MNB rate cuts may resume if CPI undershoots persist
Hungaryʼs central bank may have to resume policy rate cuts if consumer inflation persistently undershoots its target or if the forint strengthens markedly, London-based emerging markets economists said late Friday.
In a research note released to clients in London, Royal Bank of Scotland (RBS) said that the most recent CPI data highlights downside risks to inflation as headline CPI arrived at -0.4% year-on-year last month, well below the market consensus of -0.1%.
“At a time when growth is likely to slow and downside risks to inflation remain apparent, we believe that the MNB will become increasingly uncomfortable with currency strength, as a stronger HUF would only increase the downside risks to growth and inflation... We think that the MNB may consider further monetary policy easing in the coming months if these trends persist,” the note said.
The latest Inflation Report indicated that the monetary policy council is looking to counter the downside CPI risks with a prolonged period of unchanged rates, rather than further cuts.
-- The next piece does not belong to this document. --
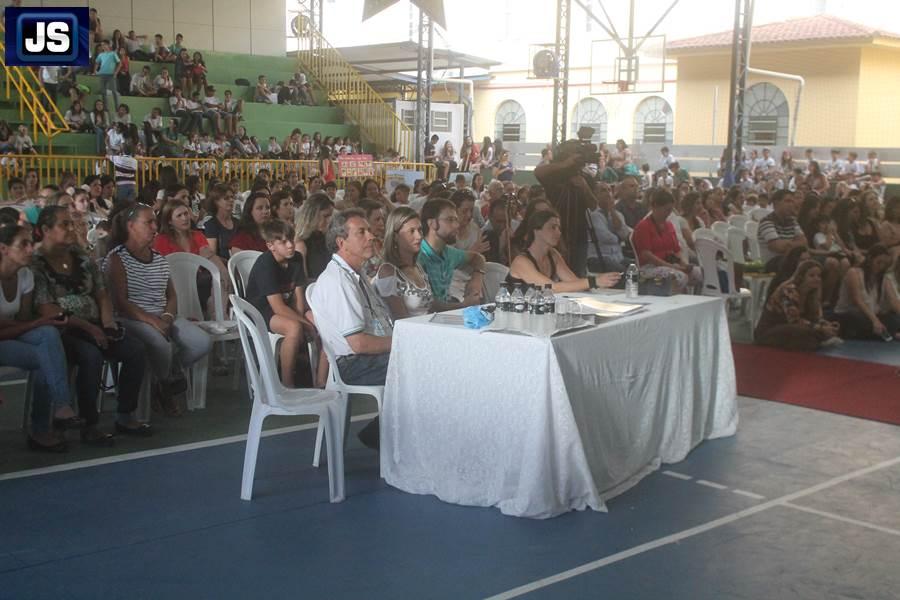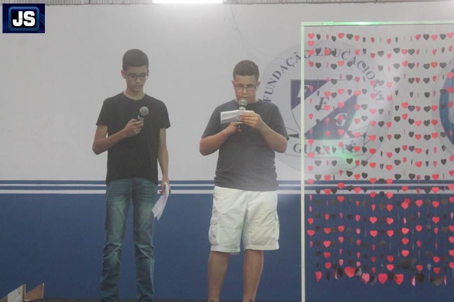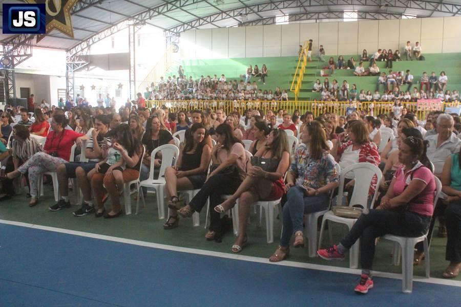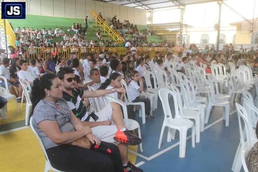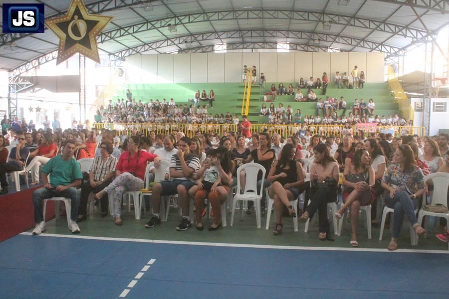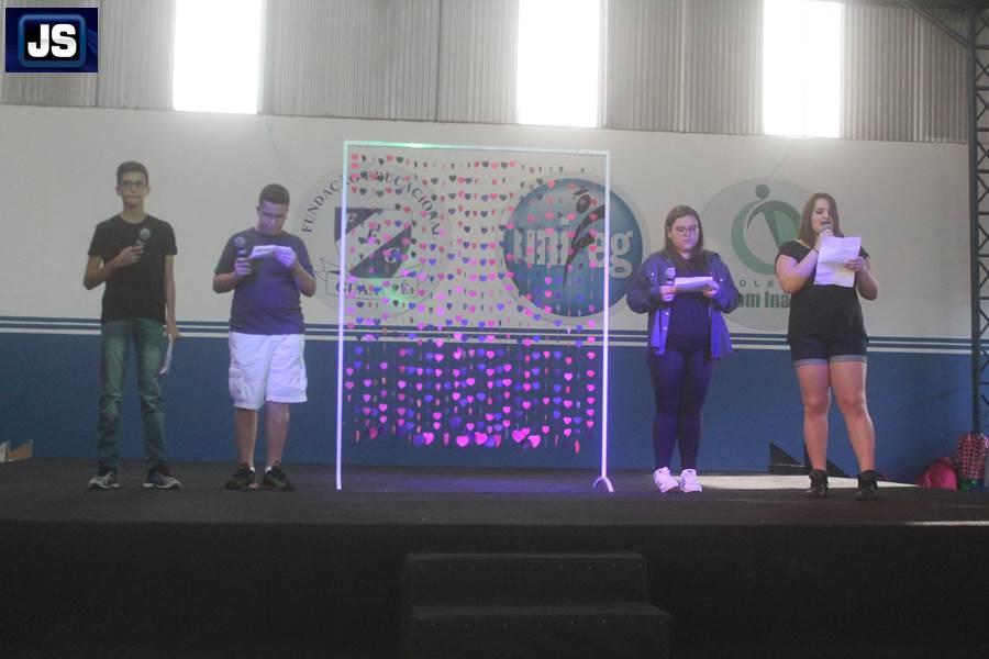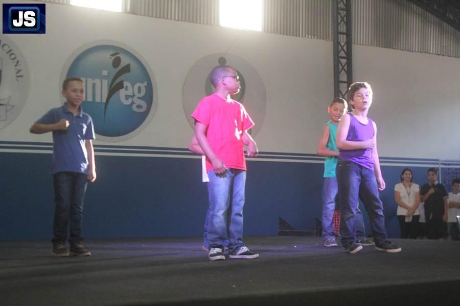 Alunos de diferentes séries do Colégio Dom Inácio de Guaxupé (das unidades I e II) participaram, nesta quarta-feira, 28 de setembro, do "1º Show de Talentos" promovido pela escola. Realizado com o objetivo de fomentar a arte entre os estudantes, o evento contou com a participação de aproximadamente cento e cinquenta pessoas, entre crianças, pré-adolescentes e adultos. Mais do que isto, a iniciativa reuniu famílias inteiras, tendo comprovado o potencial artístico de muita gente. O "1º Show de Talentos" do D. Inácio foi composto por exibições musicais, de dança, recitação de poemas, apresentações teatrais, exposição de telas e desenhos, em geral. Num ambiente todo decorado, com cenário adequado para peças artísticas de porte profissional, os artistas fizeram bonito: "Não será mais uma apresentação. Para nós, representa grandes aprendizagens e oportunidade para fazer a diferença na vida de cada um, utilizando linguagens e comunicando ideias, sentimentos e valores humanos. Enxergamos grandes amizades, descobertas, superação e a expressão mais pura de um artista, como aquele que cultiva sua emoção e que percebe o mundo com sua alma", comentou a diretora do Colégio, Juliana Costa Magalhães. (Fotos: Waddy Carneiro ? Jornal JOGO SÉRIO)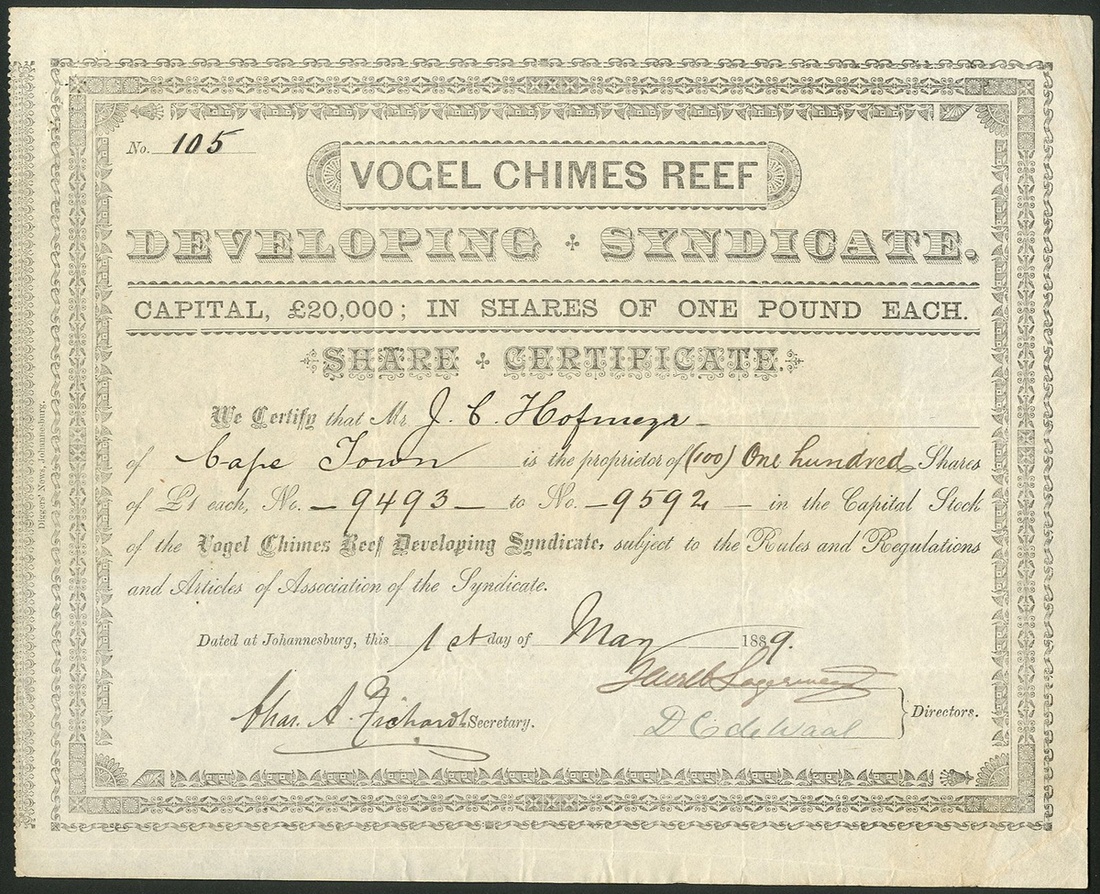 South Africa: Vogel Chimes Reef Developing Syndicate, £1 shares, Johannesburg 188[9], #105, ornate border with attractive silver printing. GVF and rare.

Yet, “we believe easing in a conventional form of policy rate cuts would return to the agenda if the current EM rally persists and the forint appreciates notably, for instance EUR/HUF being pushed down to 300... This could be the case given the increased likelihood of the ECB QE2 and the Fed hikes being persistently priced out”.
In this case, “we believe significant HUF appreciation would mean the MNB would not be able to avoid rate cuts, in spite of the decreased FX-to-CPI pass-through in Hungary over recent years”, Royal Bank of Scotlandʼs economists said.